Record excerpts:
Segment Open

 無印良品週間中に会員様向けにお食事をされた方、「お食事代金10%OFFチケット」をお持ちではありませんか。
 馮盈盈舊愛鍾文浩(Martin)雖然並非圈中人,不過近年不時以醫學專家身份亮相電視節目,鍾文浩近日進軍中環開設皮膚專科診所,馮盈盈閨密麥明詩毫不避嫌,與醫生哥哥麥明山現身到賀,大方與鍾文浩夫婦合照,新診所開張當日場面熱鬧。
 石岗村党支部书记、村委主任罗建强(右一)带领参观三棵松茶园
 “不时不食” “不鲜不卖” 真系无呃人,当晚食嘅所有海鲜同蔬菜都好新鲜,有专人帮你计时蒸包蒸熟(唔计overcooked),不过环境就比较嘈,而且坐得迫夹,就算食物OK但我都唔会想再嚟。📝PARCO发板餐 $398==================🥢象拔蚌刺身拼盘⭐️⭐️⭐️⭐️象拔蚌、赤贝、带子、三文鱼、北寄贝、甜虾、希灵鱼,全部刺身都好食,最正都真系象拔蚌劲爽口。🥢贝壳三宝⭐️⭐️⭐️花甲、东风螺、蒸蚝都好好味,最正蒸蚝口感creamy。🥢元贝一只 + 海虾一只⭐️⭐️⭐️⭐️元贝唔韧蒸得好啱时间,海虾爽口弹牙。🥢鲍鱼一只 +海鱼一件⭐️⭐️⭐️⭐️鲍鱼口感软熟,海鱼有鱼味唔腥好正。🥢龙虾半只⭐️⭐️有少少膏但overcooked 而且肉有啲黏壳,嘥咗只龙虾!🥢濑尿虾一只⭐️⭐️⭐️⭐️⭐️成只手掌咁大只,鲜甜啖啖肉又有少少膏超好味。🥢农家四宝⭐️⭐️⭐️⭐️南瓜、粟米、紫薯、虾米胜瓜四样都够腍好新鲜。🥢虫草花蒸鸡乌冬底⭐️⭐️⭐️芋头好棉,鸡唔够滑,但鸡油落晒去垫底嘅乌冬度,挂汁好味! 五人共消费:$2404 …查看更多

Segment Closed
Segment Open

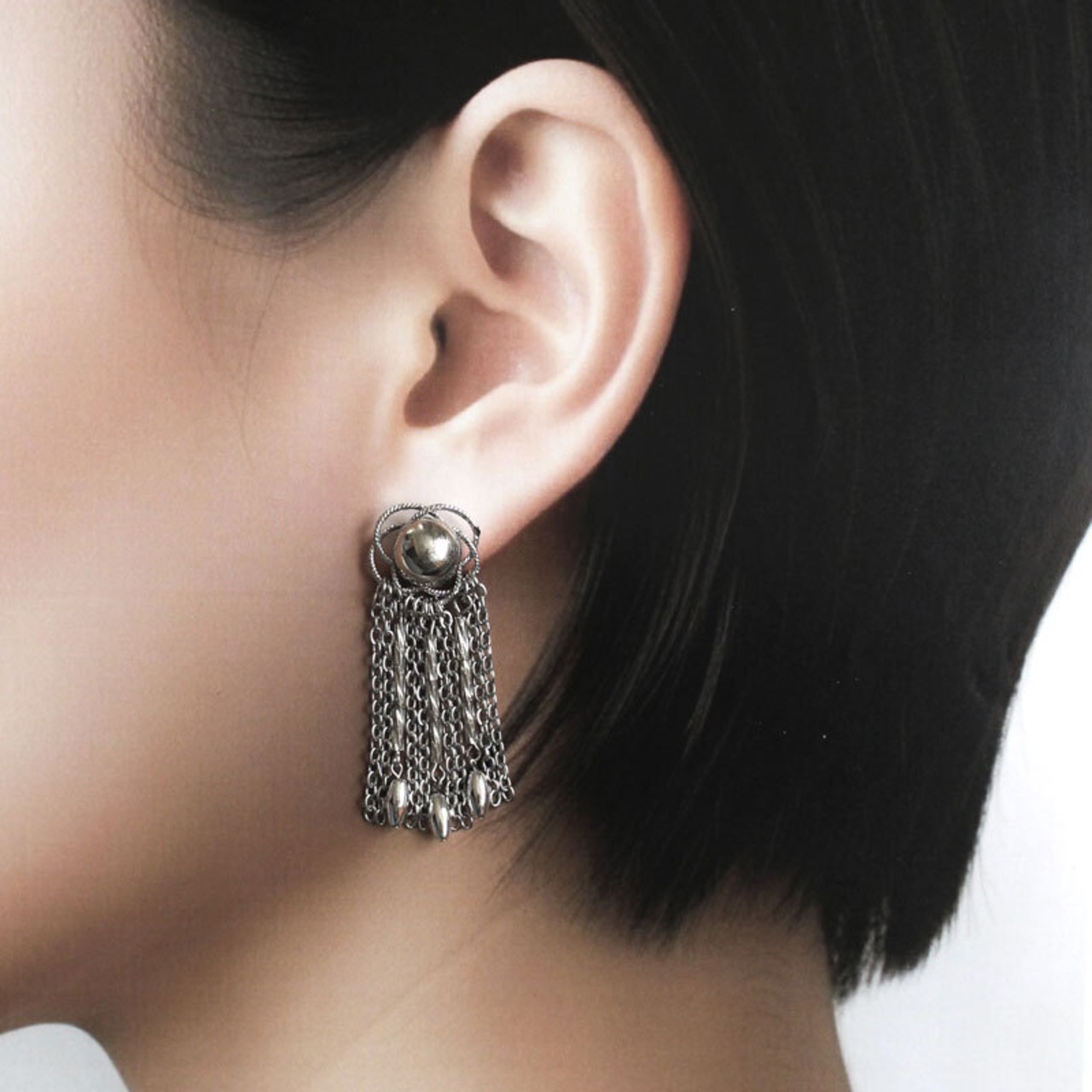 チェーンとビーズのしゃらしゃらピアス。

Segment Closed

Exercise: Could you restate, word for word, the lines above from the one with "馮盈盈舊愛鍾文浩(Marti" to the one with "石岗村党支部书记、村委主任罗建强(右一)带领参观三棵松茶园", both included?

Result of this task:
 馮盈盈舊愛鍾文浩(Martin)雖然並非圈中人,不過近年不時以醫學專家身份亮相電視節目,鍾文浩近日進軍中環開設皮膚專科診所,馮盈盈閨密麥明詩毫不避嫌,與醫生哥哥麥明山現身到賀,大方與鍾文浩夫婦合照,新診所開張當日場面熱鬧。
 石岗村党支部书记、村委主任罗建强(右一)带领参观三棵松茶园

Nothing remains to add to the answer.